[Start of section]

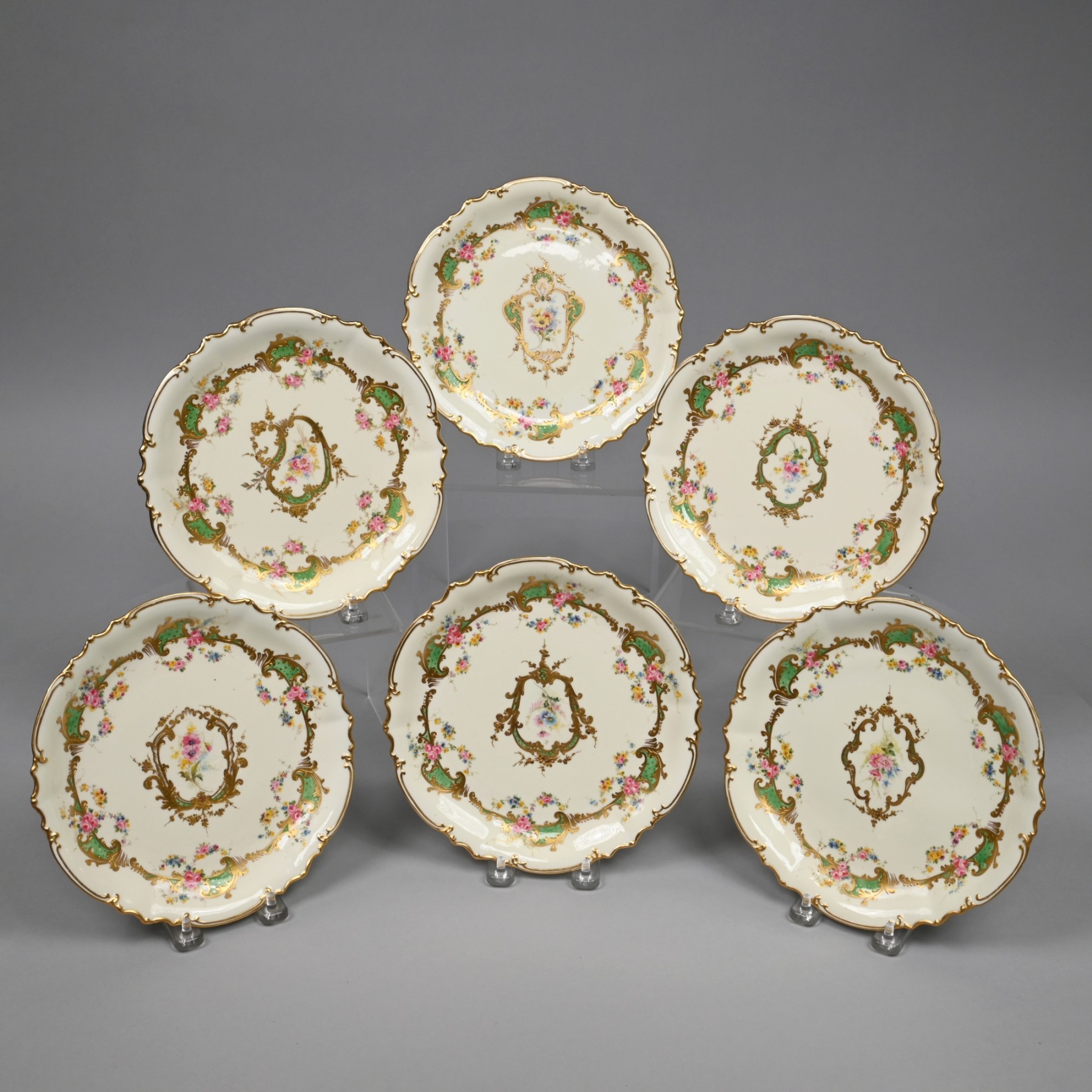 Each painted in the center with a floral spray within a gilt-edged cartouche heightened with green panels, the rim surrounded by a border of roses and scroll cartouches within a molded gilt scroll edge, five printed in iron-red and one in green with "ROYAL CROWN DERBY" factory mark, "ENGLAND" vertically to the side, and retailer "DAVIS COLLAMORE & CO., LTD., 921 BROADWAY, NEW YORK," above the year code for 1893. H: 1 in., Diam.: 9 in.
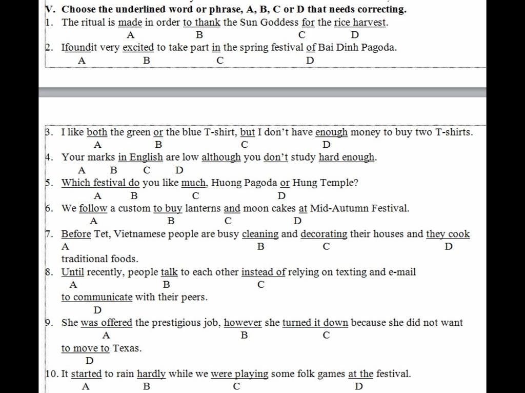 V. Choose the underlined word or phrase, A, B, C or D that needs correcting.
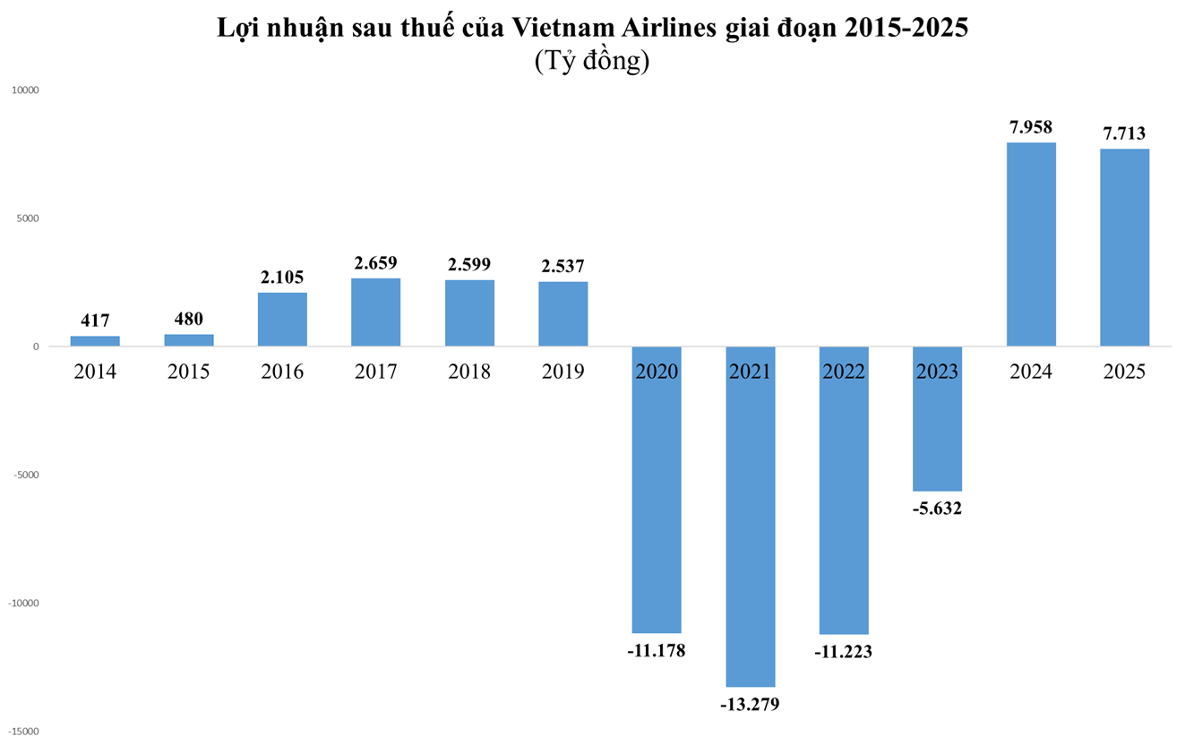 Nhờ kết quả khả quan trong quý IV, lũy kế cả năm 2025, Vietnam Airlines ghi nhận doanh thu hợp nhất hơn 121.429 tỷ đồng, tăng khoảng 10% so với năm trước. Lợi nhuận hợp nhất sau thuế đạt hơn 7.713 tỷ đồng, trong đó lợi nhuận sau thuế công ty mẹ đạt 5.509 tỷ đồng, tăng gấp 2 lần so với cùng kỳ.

[End of section]

Repeat, exactly and in full, all the material above except its pictures.

_TASK RESPONSE:_
 Each painted in the center with a floral spray within a gilt-edged cartouche heightened with green panels, the rim surrounded by a border of roses and scroll cartouches within a molded gilt scroll edge, five printed in iron-red and one in green with "ROYAL CROWN DERBY" factory mark, "ENGLAND" vertically to the side, and retailer "DAVIS COLLAMORE & CO., LTD., 921 BROADWAY, NEW YORK," above the year code for 1893. H: 1 in., Diam.: 9 in.
 V. Choose the underlined word or phrase, A, B, C or D that needs correcting.
 Nhờ kết quả khả quan trong quý IV, lũy kế cả năm 2025, Vietnam Airlines ghi nhận doanh thu hợp nhất hơn 121.429 tỷ đồng, tăng khoảng 10% so với năm trước. Lợi nhuận hợp nhất sau thuế đạt hơn 7.713 tỷ đồng, trong đó lợi nhuận sau thuế công ty mẹ đạt 5.509 tỷ đồng, tăng gấp 2 lần so với cùng kỳ.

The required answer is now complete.